DQN example from PyTorch diverged!

What was the final consensus? I’ve tried most of the suggestions here with no improvements:

  • changed pixels to gym environment
  • tried mse loss
  • tuned learning rate, 0.001, 0.0001
  • changed target network update cycle, 10, 100, 1000
    None of these worked, and the average duration stays around 20 timesteps.
    Even with the original PyTorch implementation, at max it stays at 50 timesteps average duration.

Cannot say it’s solved. But a working version can be found at https://github.com/tqjxlm/Simple-DQN-Pytorch.

It’s not deterministic, I restarted several times to get a good result.

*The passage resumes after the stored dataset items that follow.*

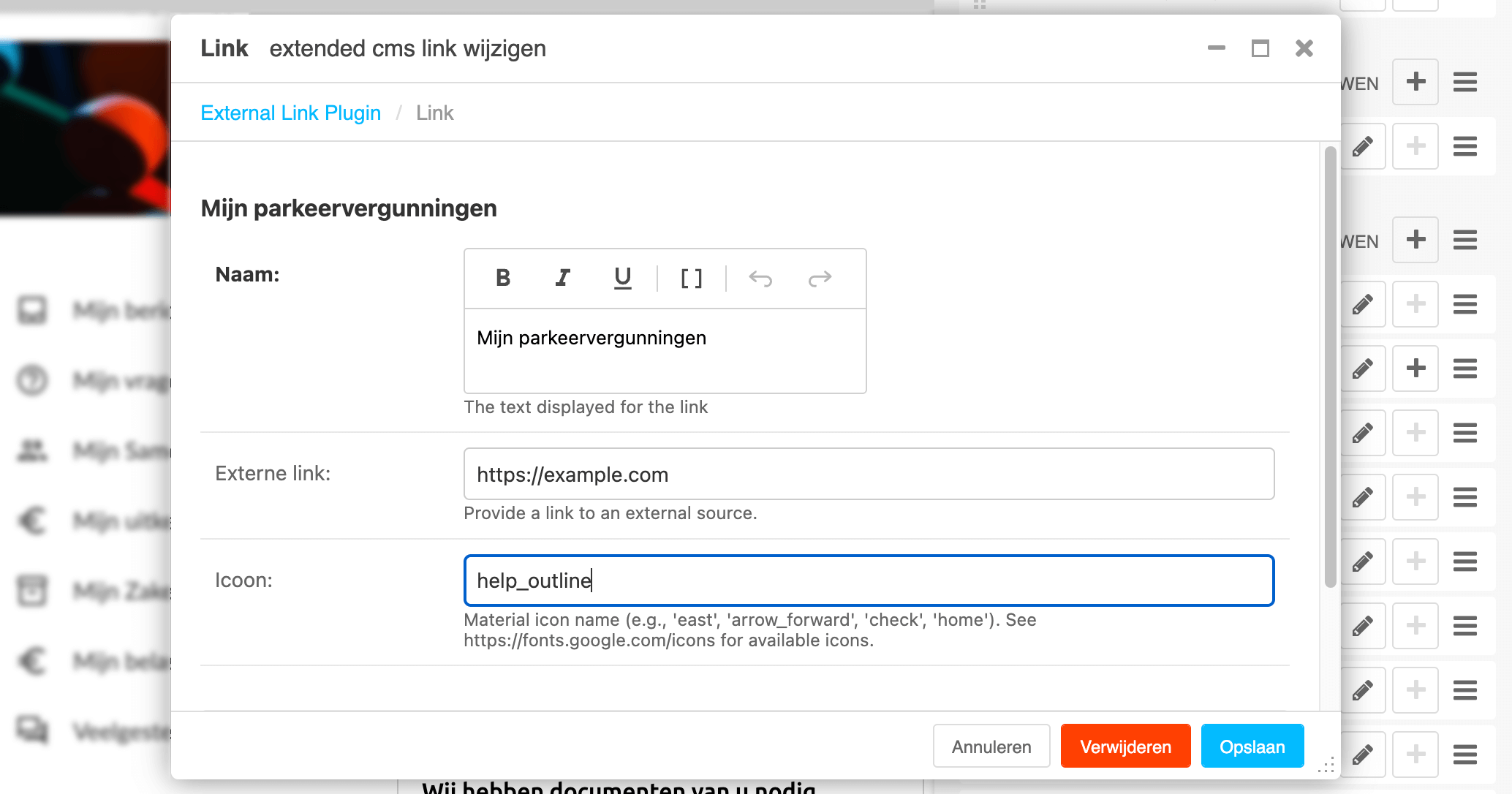 De exacte code-naam van het icoon verschijnt in de rechter pop-up. Vul deze naam in het veld ‘Icoon’ in, inclusief eventuele underscores (bijvoorbeeld help_outline of account_balance).
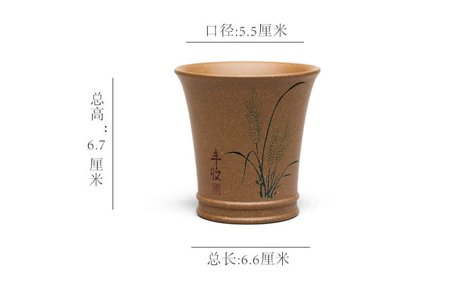Chinese Handcraft Yixing Purple Clay Yellow Teacup Unique Artwork Master Pottery Household Sketch Teacup
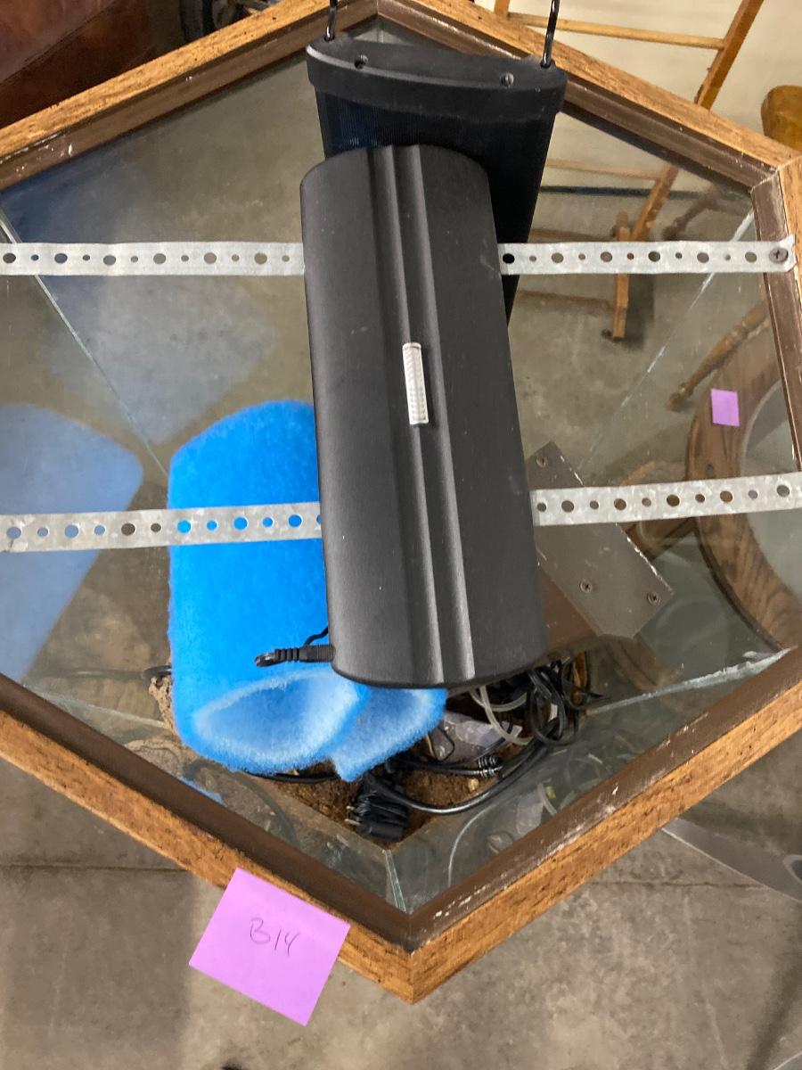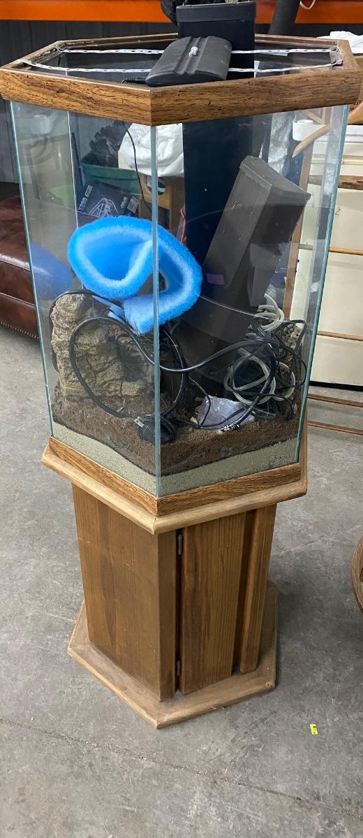 B14 aquarium with accessories, comes apart in 2 pieces H 49 1/2”, W 18”

  • The 100 episode mean reached 200 after 700 episodes and reached 500 later
  • It uses 3 stacked frames of rendered pixels as input
  • It uses prioritized replay memory, double DQN and duelling DQN
  • It uses MSE loss and Adam optimizer
  • It does not converge, and not diverge neither. The 100-mean keeps above 200 after it gets there
  • Other hyperparameters can be found at the Github page

That is a dueling DQN, not the DQN from the Atari/nature paper.

In my case, L1 loss required much lower target network synchronization frequency for successful training.

In CartPole-v0 environment with numerical state representation (not the image one), L2 loss works well with synchronization every 100 frames, but L1 loss needed synchronization frequency >= 5000 in unit of frame.
Although I never tried with Huber loss, I think it would have basically same characteristic as L1 loss.